• WHAT TO DO: No pictures go in the copy. Restate, word for word, each line from the one containing "结婚kt板定制背景板婚礼留影区布置婚房迎宾场景酒店装饰摆件拍照" through the last line below.

• Records from a data source:
************

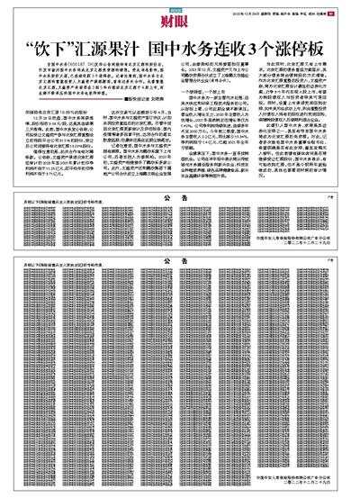 “饮下”汇源果汁 国中水务连收3个涨停板
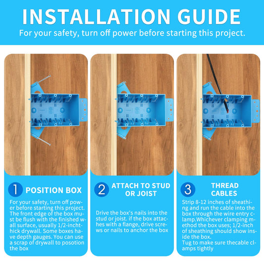 XIUTE Blue 3-Gang PVC New Work Switch/Outlet Wall Electrical Box, Interior Space of 44 Cubic Inches,for The Electrical Installation of Buildings,ETL
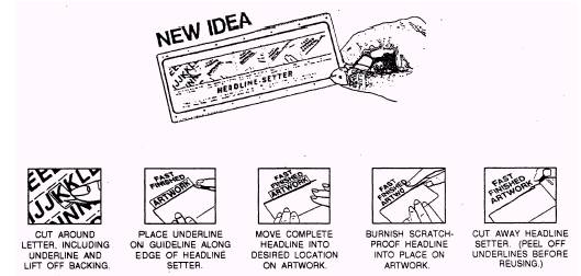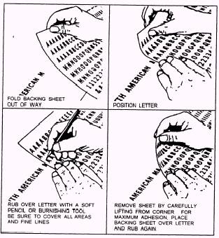 Figure 8-3. - Presure-transfer lettering. paste-up in light-blue pencil then to position each letter in its proper place. Pressure-transfer lettering (fig. 8-3) is similar to paste-up lettering, since the letters of the alphabet are printed on acetate sheets. However, instead of cutting the letter out of the acetate sheet and attaching it to the paste-up, you simply move the sheet until the desired letter is in the proper position; then you rub the front of the sheet with a pencil or burnisher. When pressure is applied, the letter transfers from the back of the acetate sheet directly to the paste-up. You can remove a pressure-transfer letter with an ordinary pencil eraser, X-acto knife or masking tape. One disadvantage of using printed lettering sheets is that when you run out of frequently used letters, you have to acquire a new sheet. In addition, there are several "headliner" machines on the market that produce display matter photographically. The heads are set in long lines or strips that are then trimmed and pasted in place on the layout. Headline preparation is covered in Chapter 9. Photographs cannot be pasted onto the layout with type and line art because they must be photographed through a halftone screen. Therefore, they are often shot as separate negatives and then spliced into the master (line) negative of the page before the plate is made. With this method, only the shape and size of the halftone are indicated on the page layout. This is accomplished in several ways. The simplest is to "mask out" the area where the halftone will be positioned with india ink or black paper. Another way is for you to square off the space on the paste-up, putdown a piece of red adhesive film and cut it to fit the halftone area. The camera photographs the red the same as black. The red cellophane is more expensive, but it is much easier to use and often more accurate. Red or black space on the paste-up appears as clear space on the negative. It serves as a window through which the platemaker can accurately position the halftone negative into the line negative. Another method is to print the photograph to size, screen it and paste it in place on the layout sheet before making the page negative. Either method may be used at the publisher's discretion. However, your concern will be with submitting the artwork to the publisher in the proper form with the appropriate guidelines explaining your requirements, rather than the mechanics of printing. There are three ways to submit your photographs to the publisher. They are as follows: 1. When photographs are printed or cropped to the exact size they are to appear in the publication (a "one-to-one shot" in printing terminology), they may be mounted in their predetermined position on a separate layout sheet. Therefore, you will submit two paste-ups - one containing the line work and the other the halftones. 2. When photographs are to be reduced or enlarged, crop or scale them to indicate the desired size. Cropping and scaling will be covered later in this chapter. 3. When a halftone is to be of an irregular shape, the preparation procedure is somewhat different. In this case, a "window" for the platemaker is needed. You can make the window as follows: paste the actual photograph in position on the line paste-up, attach a clear acetate sheet over it, then, with red or black opaque paint, carefully paint in the area indicated by the outline of the photograph under the acetate. There is also a special material - a red-coated acetate - that can be used to outline the illustration. This red is translucent and can be scraped away from the outside outline of the halftone, leaving the red shape for the camera to record as the window. If the job is very complicated, it is better for you to let the publisher do that kind of preparation. A good publisher will advise you on the best method of preparing photographs for photo-offset printing, Be sure to protect your paste-ups carefully. If they are damaged - or if they get dirty - you may have to start over. It is a good idea to cover them with a tissue overlay and to protect them between layers of cardboard when taking them from one place to another. |
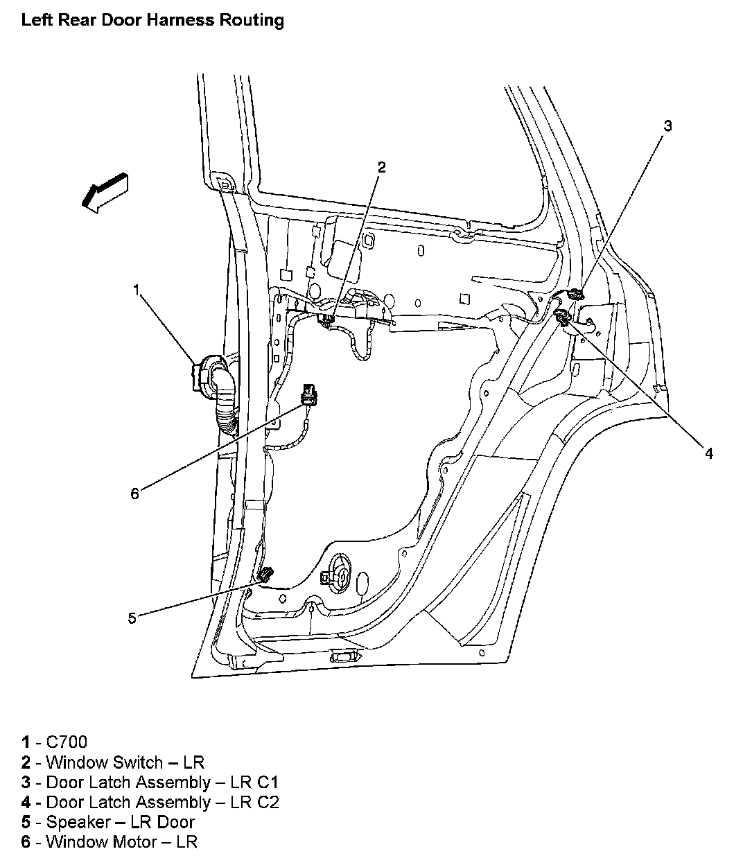 Left Rear Door Harness Routing:
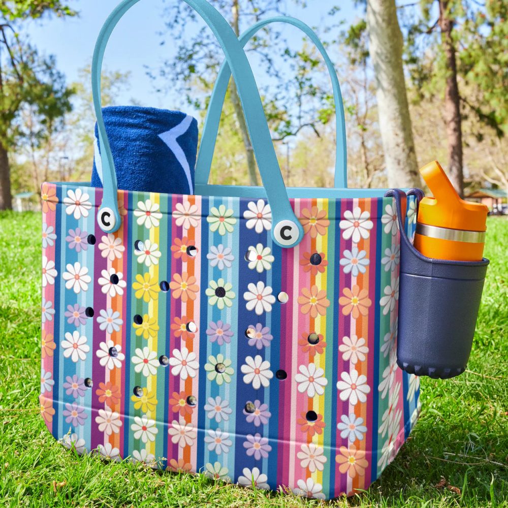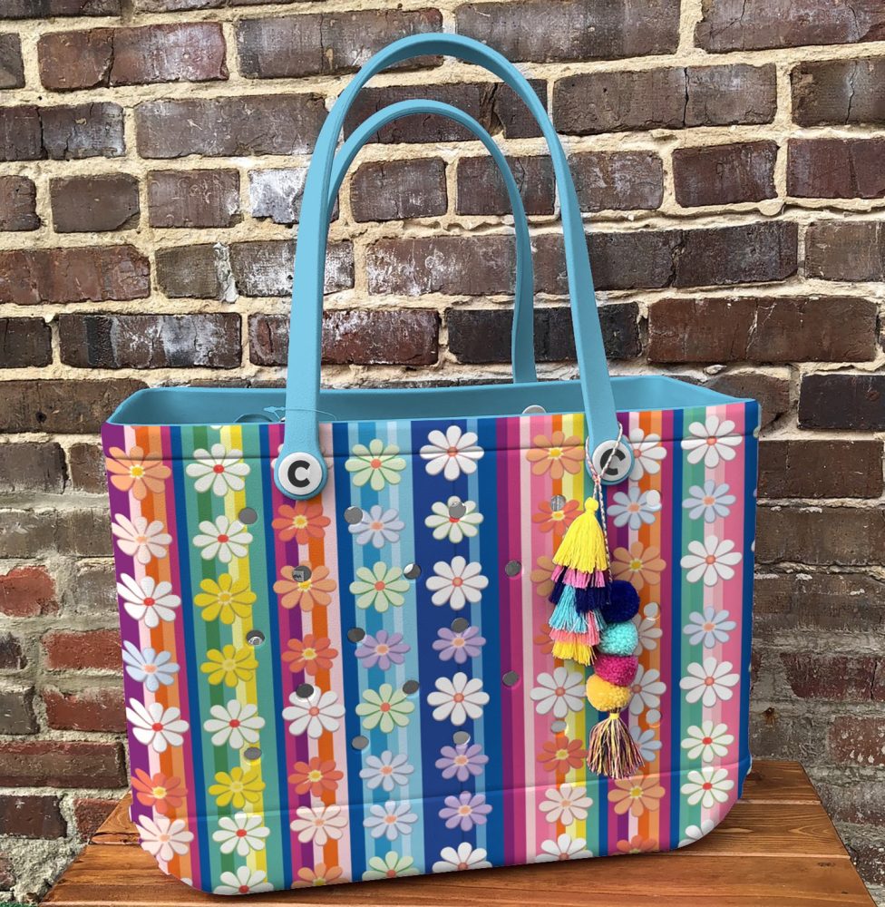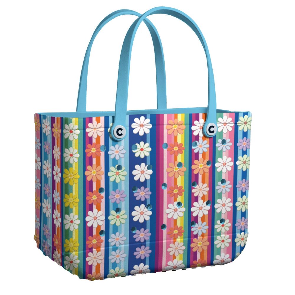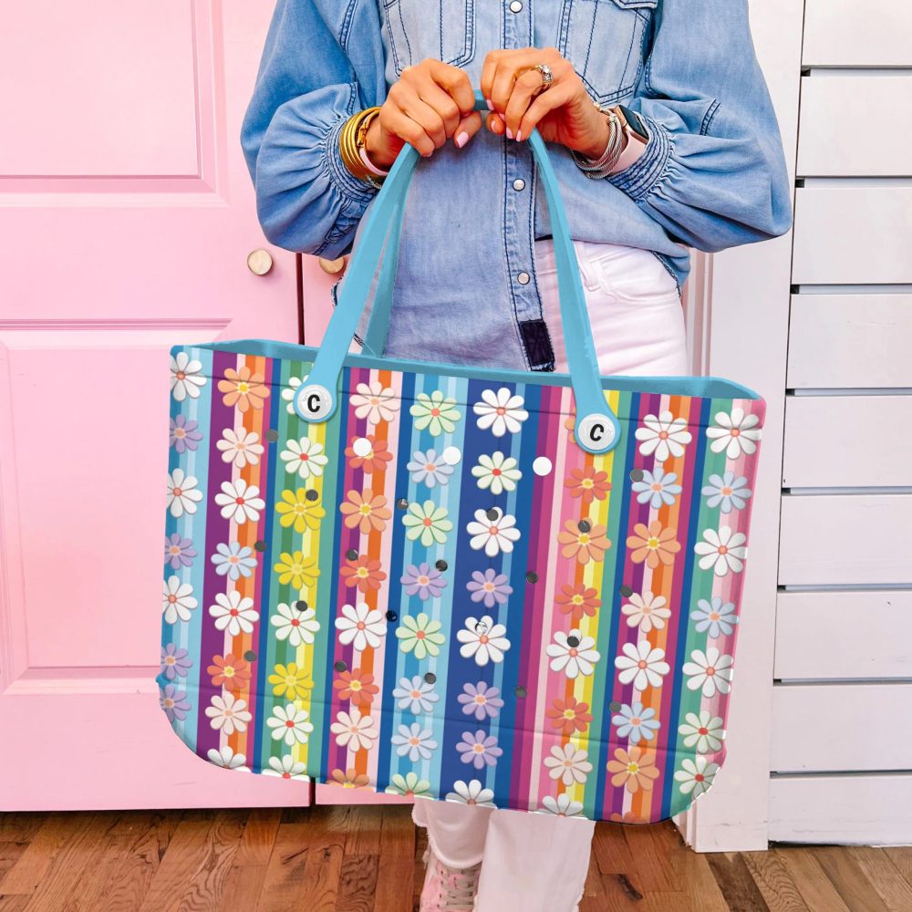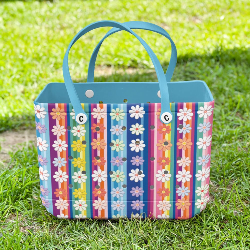 Be the first to review “Vibrant Floral Tote Bag – Colorful Striped Beach & Shopping Essential”
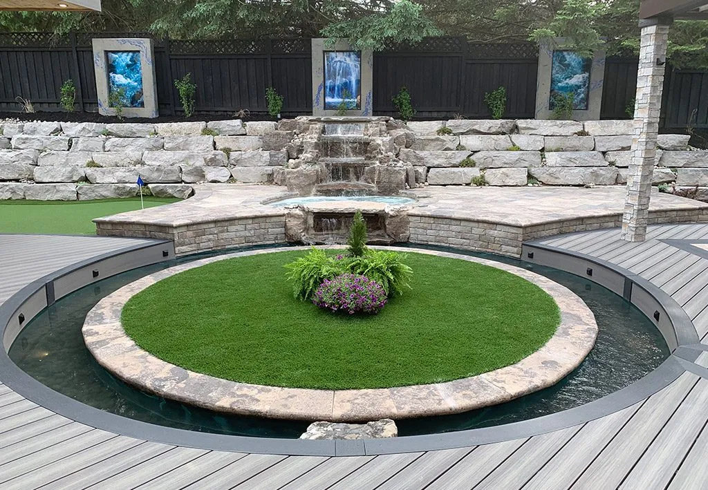 A stunning backyard transformation featuring a unique waterfall moat that runs around the entire deck, creating an oasis-like feel. Custom stonework surrounds a tranquil water feature, complemented by comfortable seating and shaded spaces for relaxation.
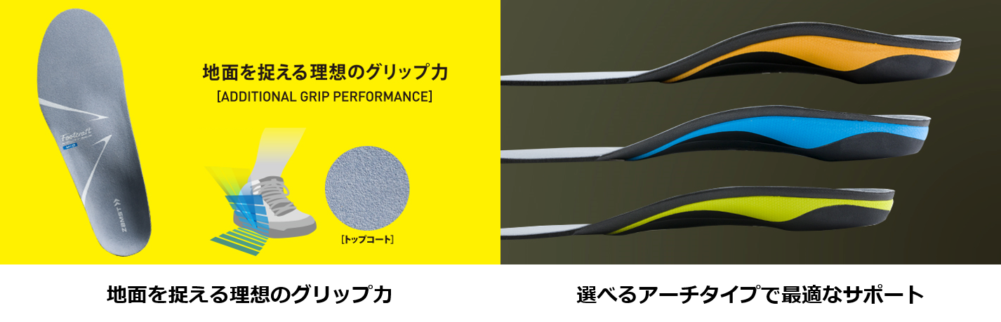 「Footcraftシリーズ」は、スポーツ用サポーターシェアNo.1※の「ザムスト」が、同様に整形医療分野の専門知識を投入し開発した機能性インソールです。成形の必要がないレディメイドインソールでありながら、自身の足に最適なアーチの形を選べることで、オーダーメイドインソールに近い「優れたフィット性」「高い安定性」「しなやかなサポート」を実現しました。2017年11月の発売以来、全国約800店舗で展開し、1年4ヶ月で既に約18万足の出荷を達成するなど高い評価を得ています。
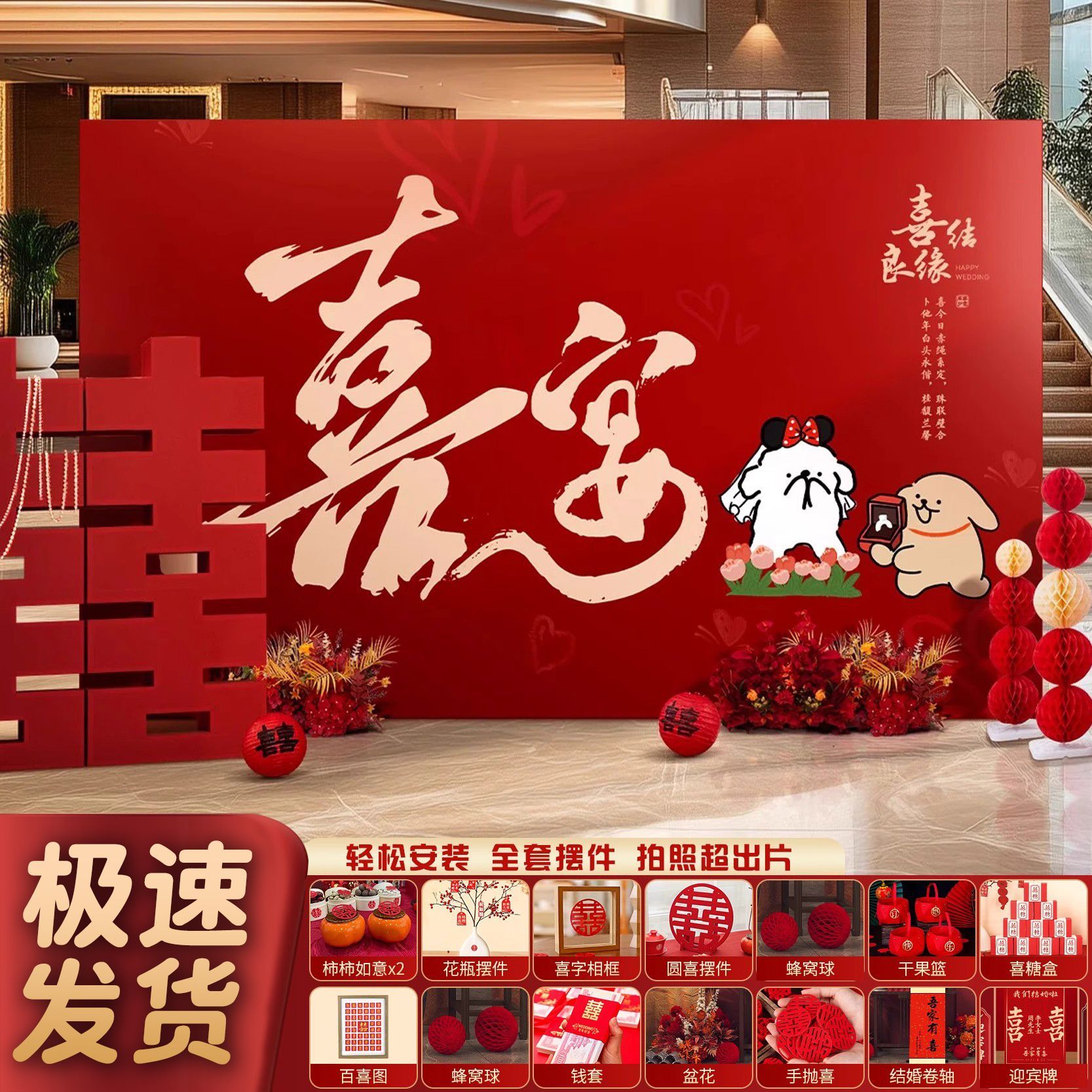 结婚kt板定制背景板婚礼留影区布置婚房迎宾场景酒店装饰摆件拍照
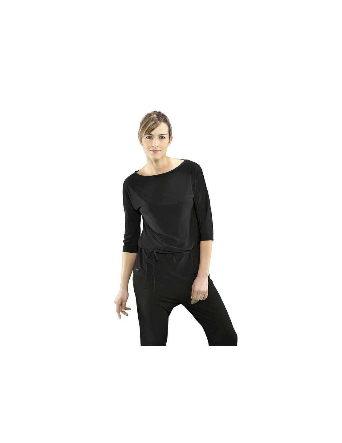 Camiseta larga negra, media manga, cuello redondo, muy cómoda, ajustable con cinta para la cintura.
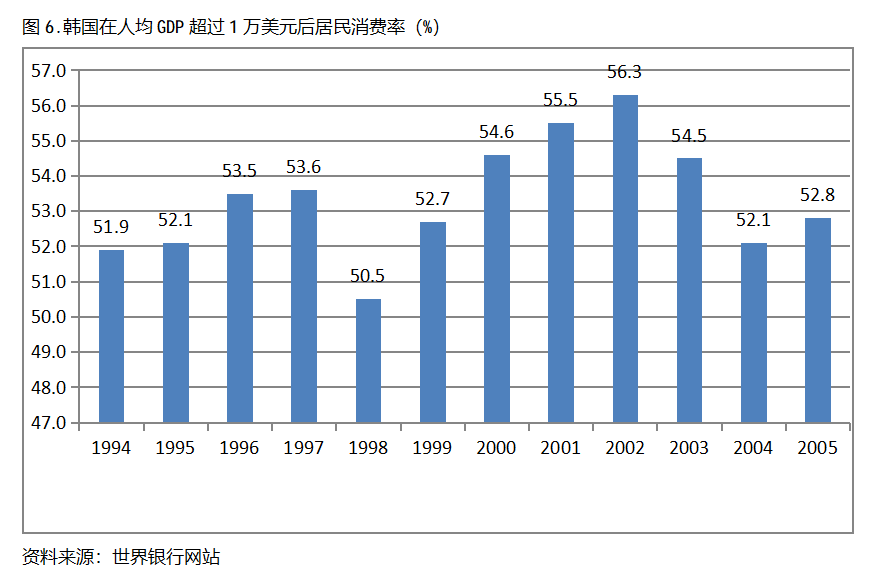 韓國在人均GDP超過1萬美元后的12年期間,居民消費(fèi)率一直保持在50.0%以上,呈現(xiàn)出較長時(shí)間的提高,但后幾年出現(xiàn)小幅的回落。韓國在1994年人均GDP超過1萬美元,當(dāng)年居民消費(fèi)率為51.9%,2002提高到56.3%,隨后出現(xiàn)回落,2005年為52.8%,也就是說,韓國在人均GDP超過1萬美元后的12年期間,居民消費(fèi)率由當(dāng)年的51.9%提高到2002年最高的56.3%,共提高了4.4個(gè)百分點(diǎn)。
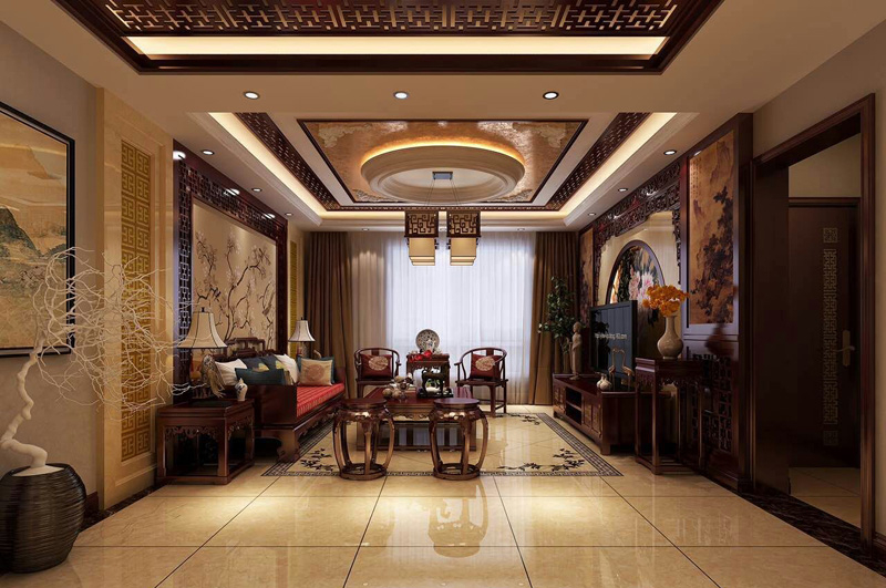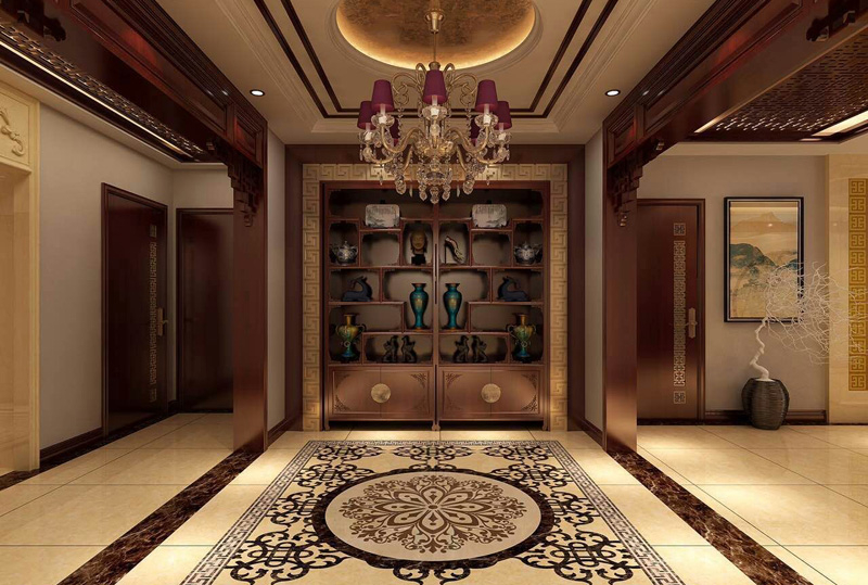 本案就致力于做“雅”的中式設(shè)計。 從入戶開始,首先映入眼簾的便是沉穩(wěn)大氣的博古架,不僅宣示了整個空間古樸大氣的基調(diào),更是展示了主人不俗的文化品位。開闊的空間,莊重的顏色,渾厚的質(zhì)感都展示著中式風(fēng)格帶來的氣派與尊貴。進(jìn)入客廳,羅漢床,圈椅等典型的中式家具處處透露著古色古香,閑暇時光,三五好友,一起品茗賞花,談古論今,這生活怎一個“雅”字了得。

************

• EXPECTED ANSWER:
 结婚kt板定制背景板婚礼留影区布置婚房迎宾场景酒店装饰摆件拍照
 Camiseta larga negra, media manga, cuello redondo, muy cómoda, ajustable con cinta para la cintura.
 韓國在人均GDP超過1萬美元后的12年期間,居民消費(fèi)率一直保持在50.0%以上,呈現(xiàn)出較長時(shí)間的提高,但后幾年出現(xiàn)小幅的回落。韓國在1994年人均GDP超過1萬美元,當(dāng)年居民消費(fèi)率為51.9%,2002提高到56.3%,隨后出現(xiàn)回落,2005年為52.8%,也就是說,韓國在人均GDP超過1萬美元后的12年期間,居民消費(fèi)率由當(dāng)年的51.9%提高到2002年最高的56.3%,共提高了4.4個(gè)百分點(diǎn)。
 本案就致力于做“雅”的中式設(shè)計。 從入戶開始,首先映入眼簾的便是沉穩(wěn)大氣的博古架,不僅宣示了整個空間古樸大氣的基調(diào),更是展示了主人不俗的文化品位。開闊的空間,莊重的顏色,渾厚的質(zhì)感都展示著中式風(fēng)格帶來的氣派與尊貴。進(jìn)入客廳,羅漢床,圈椅等典型的中式家具處處透露著古色古香,閑暇時光,三五好友,一起品茗賞花,談古論今,這生活怎一個“雅”字了得。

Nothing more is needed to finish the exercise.